Requirement: Since the records include pictures, leave those out while you reproduce exactly and only the lines from the one containing "- The Dog House" through the one containing "verkaufe meine gebrauchte", inclusive.
------ Available data ------
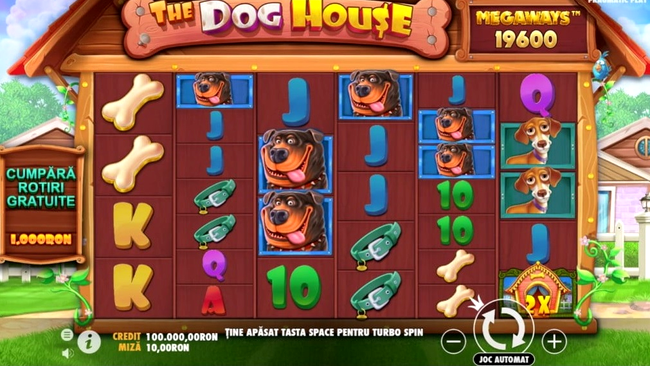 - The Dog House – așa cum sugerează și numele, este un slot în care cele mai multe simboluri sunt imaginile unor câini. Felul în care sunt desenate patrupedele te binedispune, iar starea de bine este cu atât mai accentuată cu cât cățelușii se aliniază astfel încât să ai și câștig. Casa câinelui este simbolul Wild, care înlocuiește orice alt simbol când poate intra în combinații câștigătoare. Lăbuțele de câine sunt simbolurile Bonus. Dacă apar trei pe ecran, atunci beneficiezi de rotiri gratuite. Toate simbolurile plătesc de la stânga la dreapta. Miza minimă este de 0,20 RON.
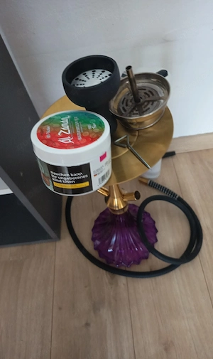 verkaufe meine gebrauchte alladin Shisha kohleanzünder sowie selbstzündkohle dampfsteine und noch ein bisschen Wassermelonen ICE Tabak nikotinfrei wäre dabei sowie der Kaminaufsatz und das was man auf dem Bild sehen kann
------
------ Available data ------
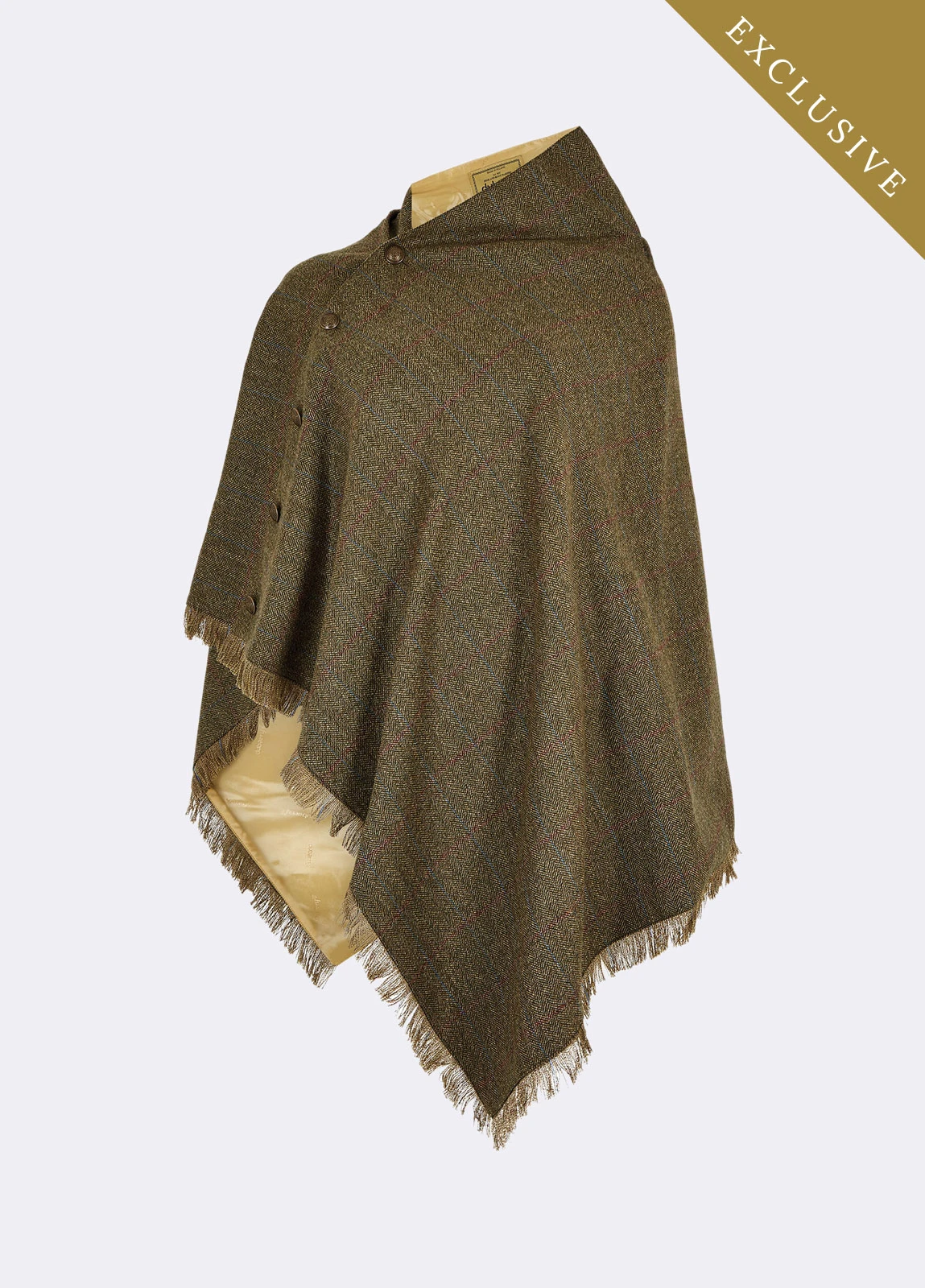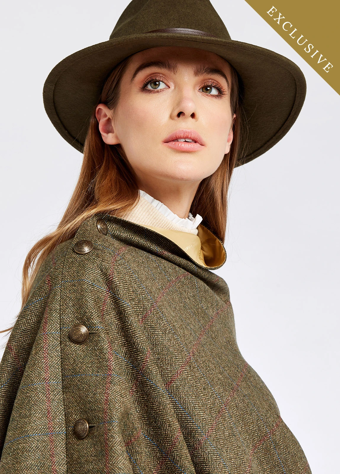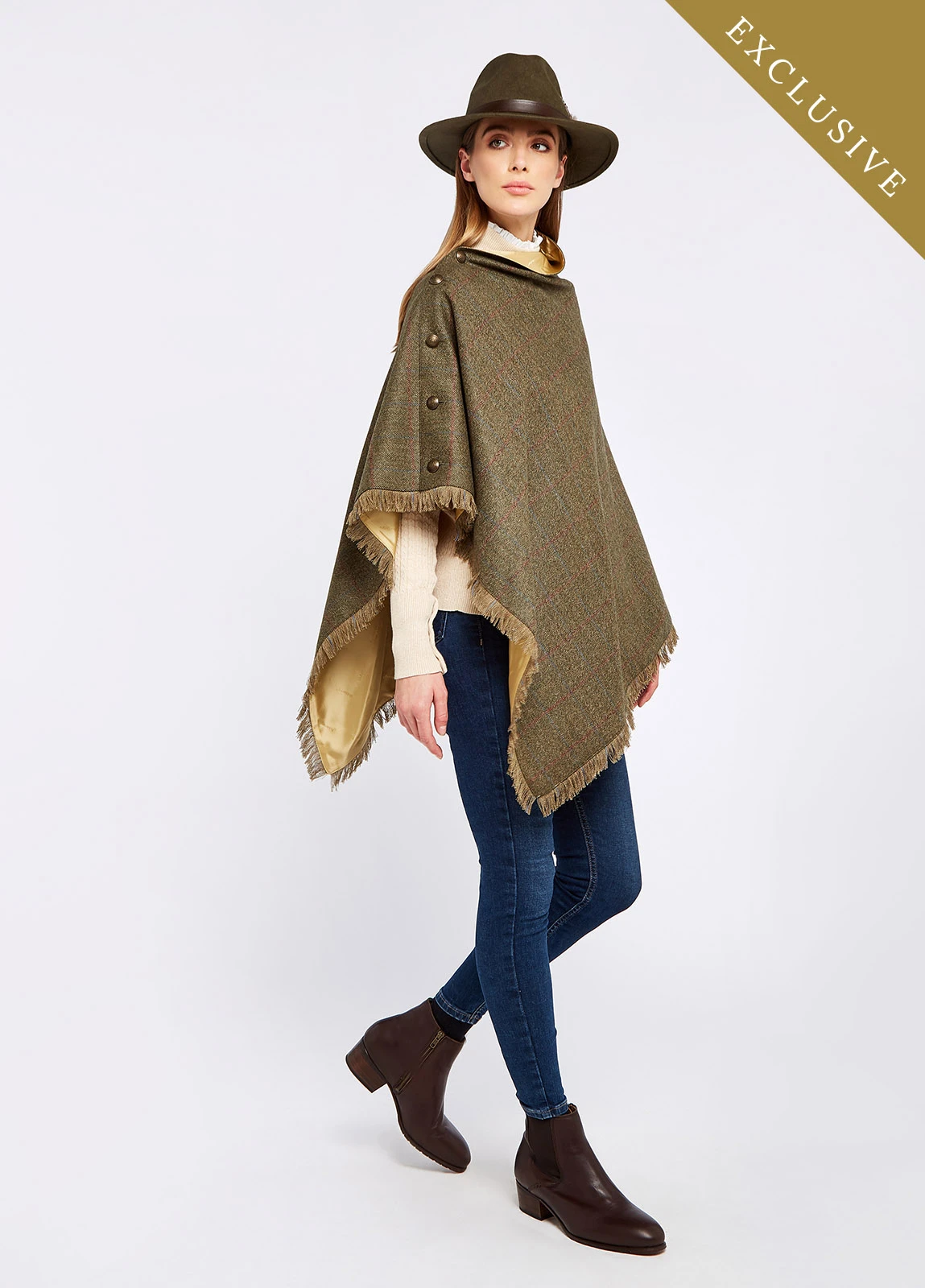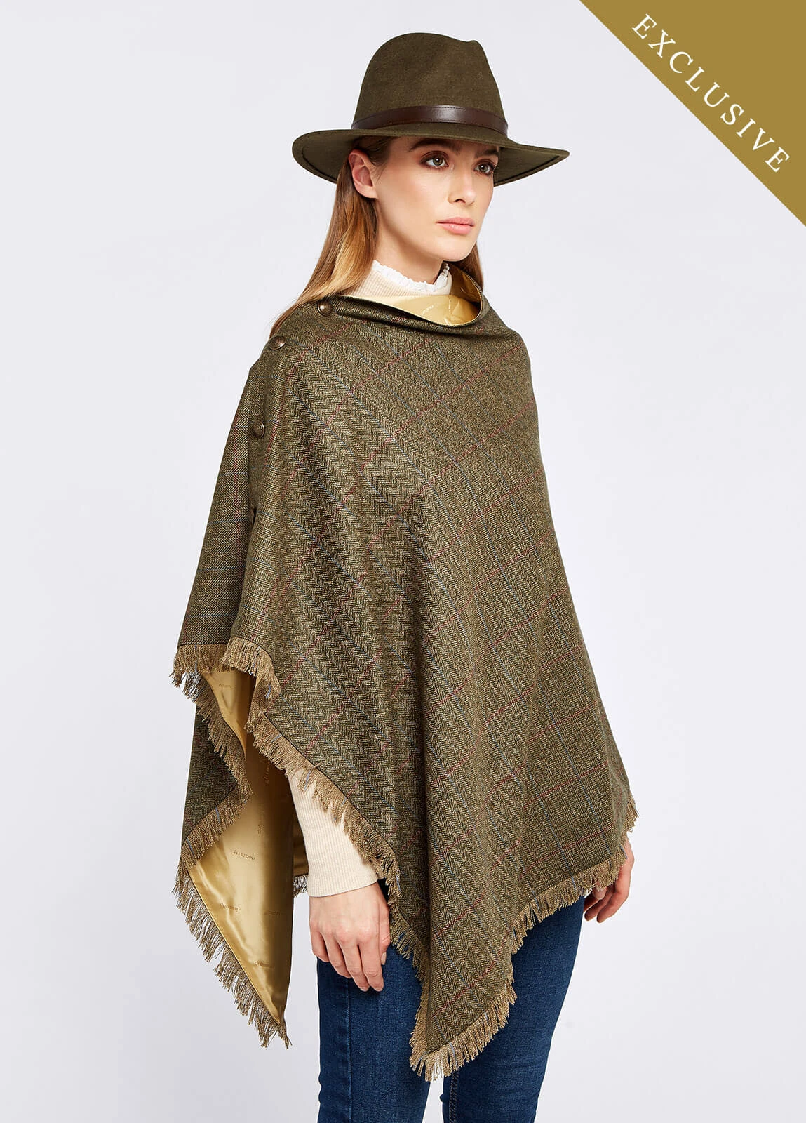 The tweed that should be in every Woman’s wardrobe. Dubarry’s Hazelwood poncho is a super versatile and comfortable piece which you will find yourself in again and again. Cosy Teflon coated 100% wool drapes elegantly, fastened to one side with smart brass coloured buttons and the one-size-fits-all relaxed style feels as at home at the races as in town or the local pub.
------
Solution for this problem:
 - The Dog House – așa cum sugerează și numele, este un slot în care cele mai multe simboluri sunt imaginile unor câini. Felul în care sunt desenate patrupedele te binedispune, iar starea de bine este cu atât mai accentuată cu cât cățelușii se aliniază astfel încât să ai și câștig. Casa câinelui este simbolul Wild, care înlocuiește orice alt simbol când poate intra în combinații câștigătoare. Lăbuțele de câine sunt simbolurile Bonus. Dacă apar trei pe ecran, atunci beneficiezi de rotiri gratuite. Toate simbolurile plătesc de la stânga la dreapta. Miza minimă este de 0,20 RON.
 verkaufe meine gebrauchte alladin Shisha kohleanzünder sowie selbstzündkohle dampfsteine und noch ein bisschen Wassermelonen ICE Tabak nikotinfrei wäre dabei sowie der Kaminaufsatz und das was man auf dem Bild sehen kann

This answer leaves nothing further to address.